Table 3 above is the comparison chart of one Stability tests for the vegetable capsules of the present invention and for the conventional Gelatin capsules. Both the vegetable capsules as well the gelatin capsules are comparatively high Storage stability over time. The degree of resolution of the vegetable capsules was slower than about 5 minutes that of the gelatin capsules.  

The vegetable capsules can be made by using Colorants also have as different colors as that Gelatin capsules. There is no problem with printing of labeling logos.

According to the vegetable capsules of the present Invention and the process for their manufacture holds Gellan gum, which is the viscosity stabilizer, the The viscosity change of the solution is stable and level the thickness of the capsule films, consequently as a result the role of easy separation of the capsules from the Filling material takes over.

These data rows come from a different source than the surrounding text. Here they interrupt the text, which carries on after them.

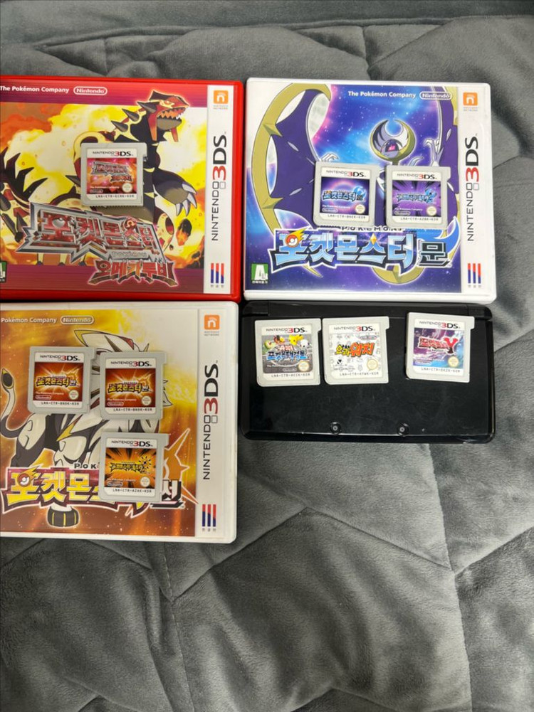 검정색 닌텐도 3DS와 포켓몬 칩 여러개 함께 판매합니다. 칩은 썬, 오메가루비, 슈퍼포켓몬 대격돌 등 다양하게 있습니다. 닌텐도 ( 생활 기스 있음 / L버튼 충격으로 인해 조금 눌림있음 / 펜 분실 ) 사용감 많은걸 고려하여 싸게 내놓습니다 닌텐도 + 포켓몬스터 칩 ( 썬 ,문 , 울트라썬 , 울트라문 , 오메가루비 , Y , 대격돌 ) + 요괴워치 게임 포켓뱅크 사용 가능합니다 닌텐도 3ds를 포켓몬으로 입문하시는 분께 추천드립니다 중고제품이기에 직거래로 확인 또는 제대로 확인하신후 거래 부탁드립니다 중고 특성상 환불이 힘든점 양해 부탁드립니다 기스 사진은 부탁드리면 채팅으로 보내드리겠습니다
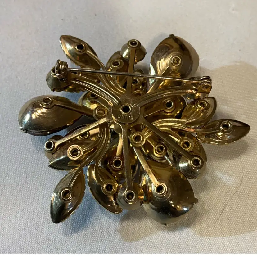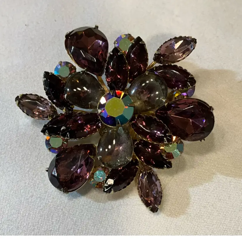 Cathe Jewels was a Torrance based California based costume jewelry company operating from 1961-1984, known for its high quality, collectible pieces. This brooch features prong set purple and AB stones. It is designed with floral, layered motif. Measures 2.5”.
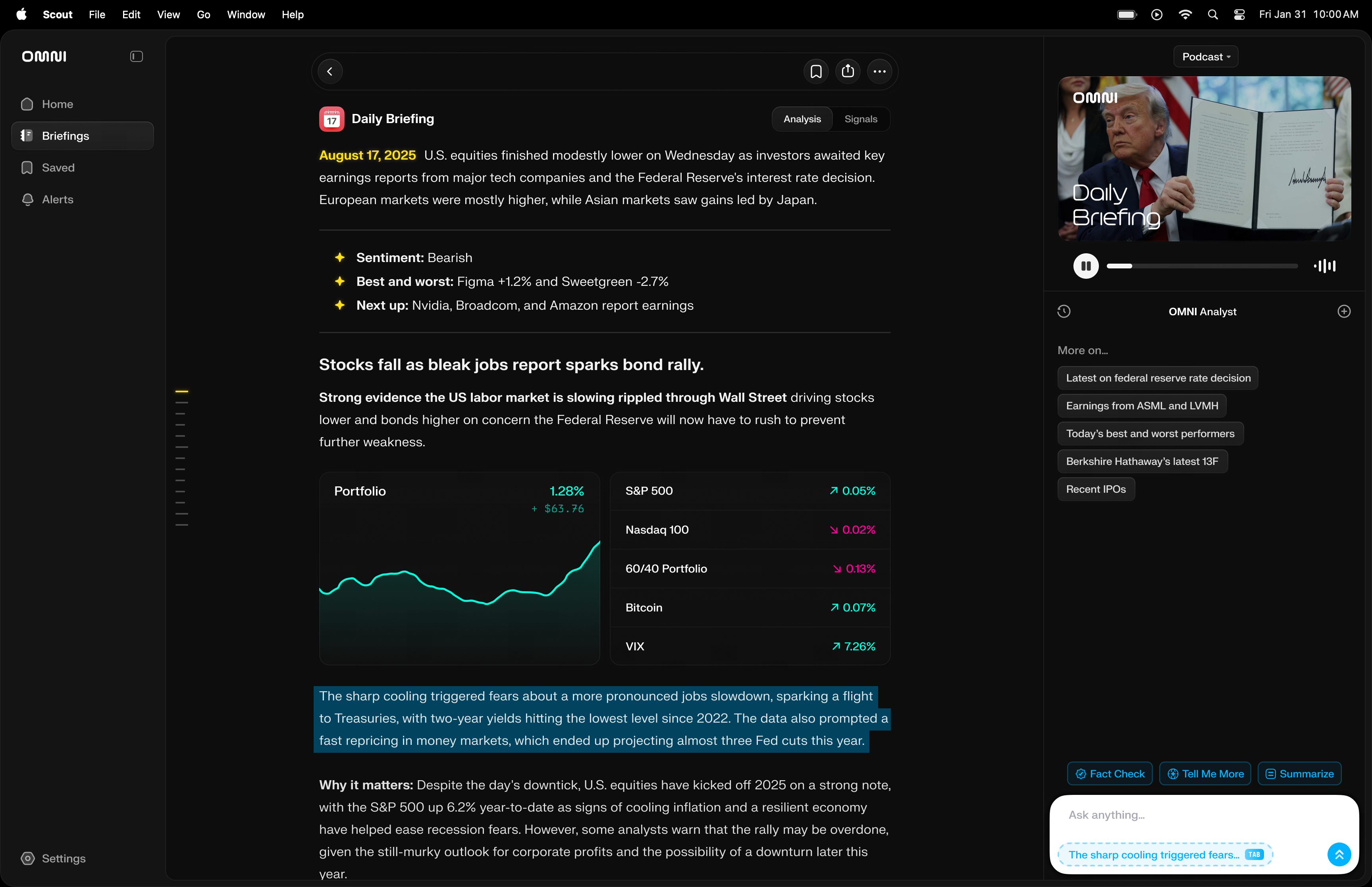 Despite the day's downtick, U.S. equities have kicked off 2025 on a strong note, with the S&P 500 up 6.2% year-to-date as signs of cooling inflation and a resilient economy have helped ease recession fears. However, some analysts warn that the rally may be overdone, given the still-murky outlook for corporate profits and the possibility of a downturn later this year.

The capsules are self made low moisture content also not broken. The The moisture content of the vegetable capsules is a lot less than that of conventional gelatin capsules and therefore vegetable capsules are more advantageous than Gelatin capsules when used with hygroscopic or moisture-sensitive components. In addition, the flow of films that are formed easily controlled by the upper and lower cooling system become.

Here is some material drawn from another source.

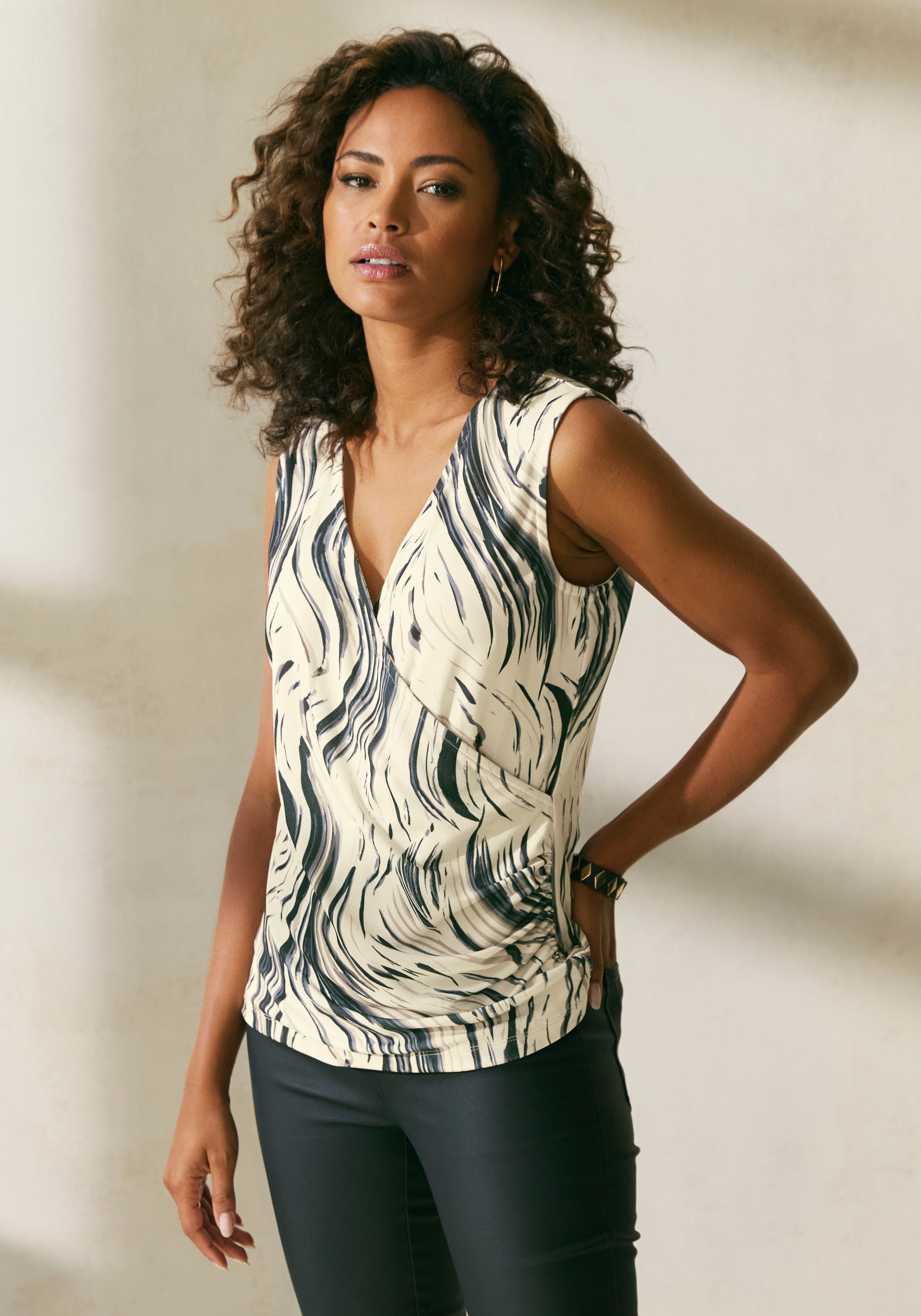 - LASCANATanktop in Wickeloptik, Blusentop mit Alloverdruck und seitlicher Raffung

Although the invention is in the form of a single preferred Embodiment has been described by those skilled in the art recognize that the invention with a modification within the spirit and scope of the attached Claims can be executed.

Claims (3)

1. Herbal capsule, comprising:
76.15-81.04% purified water;
18-22% vegetable cellulose (HPMC) with a viscosity of 4-8 cps at a temperature of 20 ° C with a concentration of 2% as the main raw material;
0.8-1.2% gellan gum, which is a viscosity stabilizer;
0.05-0.1% trisodium citrate;
0.01-0.05% glycerin, which is a plasticizer; and
0.1-0.5% sucrose fatty acid ester, which is an emulsifier. 2. Method for the production of vegetable capsules with the steps:
Maintaining the temperature of a vegetable capsule preparation solution at 55-60 ° C while circulating in an immersion pan of a capsule molding machine at a speed of 25-30 rpm;
Immersing the molded pins in a solution in the dip pan for 10-15 seconds, immediately transporting the molded pins to a cooling system which is attached to the lower part of the dip pan, and cooling the molded pins for 5-10 seconds;
lifting the shape pins vertically to the cooling unit on the upper part, cooling the shape pins for 100-120 seconds and controlling the flow of the films formed on the shape pins by cooling air; and
Transporting the shaped pins that have passed through the cooling system at the upper part to the drying tunnel and drying at a temperature of 30-35 ° C and at a wind speed of 8-10 m / s for about 60 minutes. 3. Process for the production of vegetable Plug capsules according to claim 2, wherein a temperature of Cooling system at the upper part or at the lower part 15-20 ° C and the wind speed is 4-6 m / s.